Brown has been well known in Boston for a long time, as pastor of Union Baptist Church in Cambridge since 1987, a co-founder and co-leader of the Boston Ten Point Coalition, and an active member of the Black Ministerial Alliance. Since fall 2004, he has also served as the Baptist denominational counselor at Harvard Divinity School (HDS), advising students from a range of Baptist denominations and teaching classes on Baptist polity. He attended HDS in the early ’90s to work toward his Th.D., but, he explains, “then Jesse McKee got killed [in the infamous 1992 Morningstar church gang killing], I started working with Ray [Hammond] and Eugene [Rivers], and that work [the Ten Point Coalition] took over.”
Brown quickly became known for his ability to mediate between gangs and between gangs and city officials, as well as for his talent at bridging divisions among local black ministers. Soon, Brown was being invited to share his skills with groups throughout the country and the world.
Whatever title Romney or others may bestow upon the man who took on this daunting role at Camp Edwards (Brown says he would prefer “humanitarian coordinator”), it is clear that his years as a pastor and mediator have made him the kind of leader who cares about the spiritual needs of people as much as their physical needs.
“The majority of the people here are religious, and some are very religious,” Brown said, “so they have been talking about their experience in God language, and they use me as a sounding board.”
“Many folks here are going through the grieving process – some have lost family and best friends and they’ve all lost their homes,” Brown said. What’s more, “some of them had never stepped out of their neighborhood before, and now here they are in a strange land called ‘Cape Cod.'”
It’s not surprising, then, that many guests are reassessing all kinds of things in their lives. “When people have experienced such amazing upheaval, they feel the depth of despair,” Brown said. “They need reassurance that they can overcome and not just ‘cope’ with what’s happened to them.”
To that end, Brown decided, “I wanted to make this place not just a way station, but a safe space where people can begin to heal, piece together their lives, and to create new tools that they can take with them the rest of their lives.” Thus, upon assuming his role at Otis, Brown immediately insisted that the people be called “guests” or “brothers and sisters” as opposed to the more impersonal “evacuees,” and went about “assembling the essential elements for a town.”
The residents live in three National Guard barracks in a somewhat foreboding-looking compound that Lt.
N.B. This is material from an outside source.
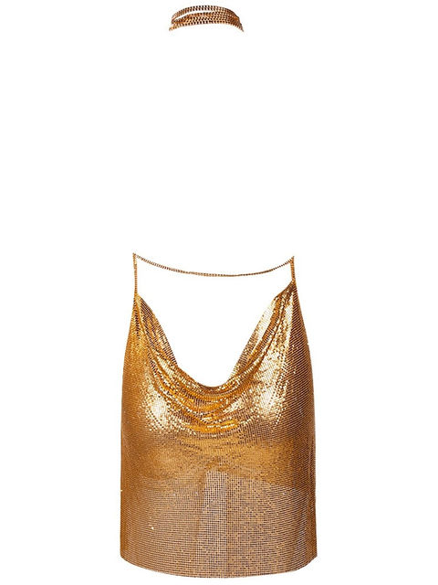 Description: Sexy Chainmaille Party Dress with Deep V Neck Plunge Metal Fabric

Col. William Tyminski, public information officer for the environmental and readiness center of the Massachusetts Military Reservation, says is “pretty typical for military housing.” One building houses families, another single men, and the third is the “pet dorm” (among the residents are several dogs and cats, a bird, a python, and some kind of lizard – whenever the lizard was mentioned, much debate ensued as to what kind it was). Tyminski said volunteers from the Southern Baptist Convention arrived recently to take over running the kitchen. Residents can go to the mess hall any time of day and find food, drink, and tables set up by various social service agencies.
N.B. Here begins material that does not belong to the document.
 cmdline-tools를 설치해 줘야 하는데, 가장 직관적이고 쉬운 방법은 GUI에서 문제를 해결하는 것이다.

Nineteen school-age children have been taken in by the town of Bourne schools, and after-school tutoring is provided on-site. Companies and individuals have donated a wide range of goods, including cell phones and regular phones, hairdressing services, bikes, and clothing (several guests were wearing Red Sox and Patriots clothing and hats). Halloween decorations hang from a tree, there is a small playground for children, and residents play together on the basketball court.
Perhaps the best testimony to Brown and the Otis staff’s success in making people feel welcome in a place that is terribly far from home is the high number of people who have elected to stay in Massachusetts. Brown said at least 88 of the original some 230 people have made the decision to relocate to the Boston area, while 32 are planning to go back. Others continue to mull over their decision. As of early October, 70 residents had already either returned home or moved into new homes in Massachusetts, leaving 163 people left on base. Within the past few weeks, that number is down to close to 100.
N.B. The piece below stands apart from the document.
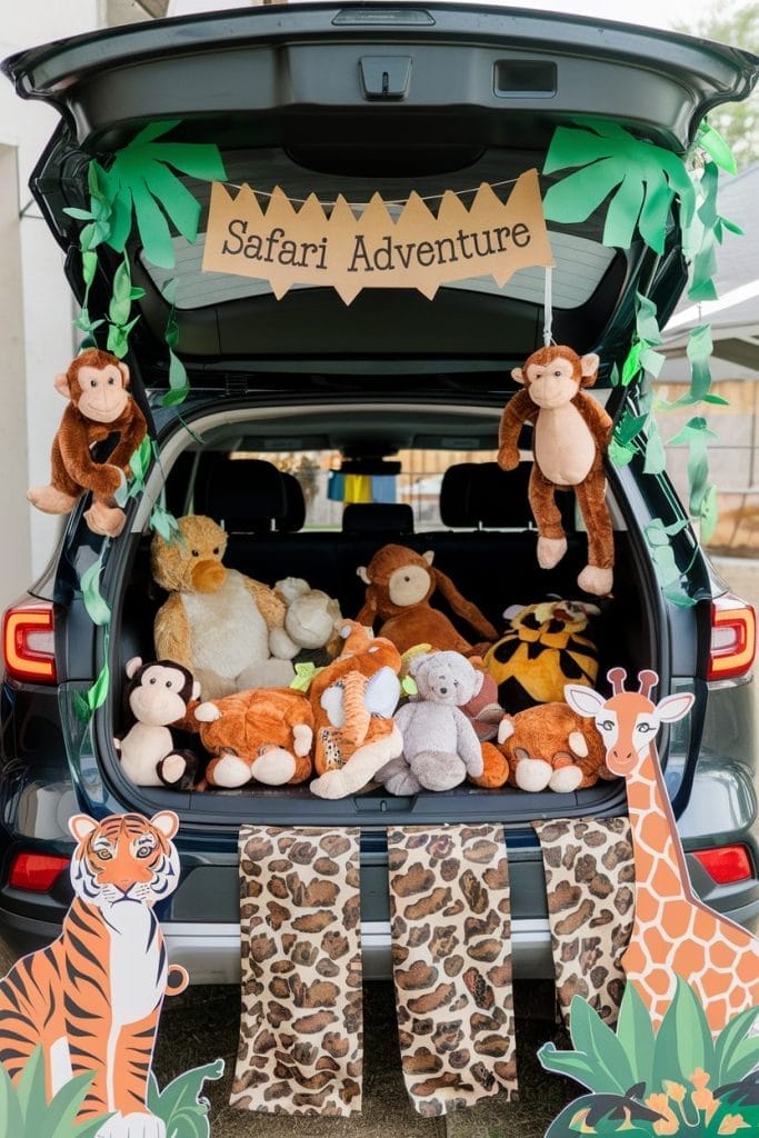 Start by creating the ark itself by adding brown paper or fabric to the back of your trunk to mimic wood. You can even build a simple cardboard ark shape around your car for extra flair.

Speaking in early October, Brown wanted to quash all rumors that anyone is going to be “kicked out” of Otis, but explains that with the approaching winter, there is some urgency about getting people into warm, secure housing. “We had a chilly night here last week,” he said, “everybody was clamoring for more blankets, and I told them, you haven’t even seen cold yet!”
Even though he is the “go-to” person for everyone’s problems and needs, Brown is ever the pastor, talking only of the strength he witnesses among people despite the trauma they have experienced. “What has amazed me most is the amount of resiliency the people here have, once they know they have some hope to get to a better day,” he said. “These are proud, hardworking folks. They are already bouncing back.”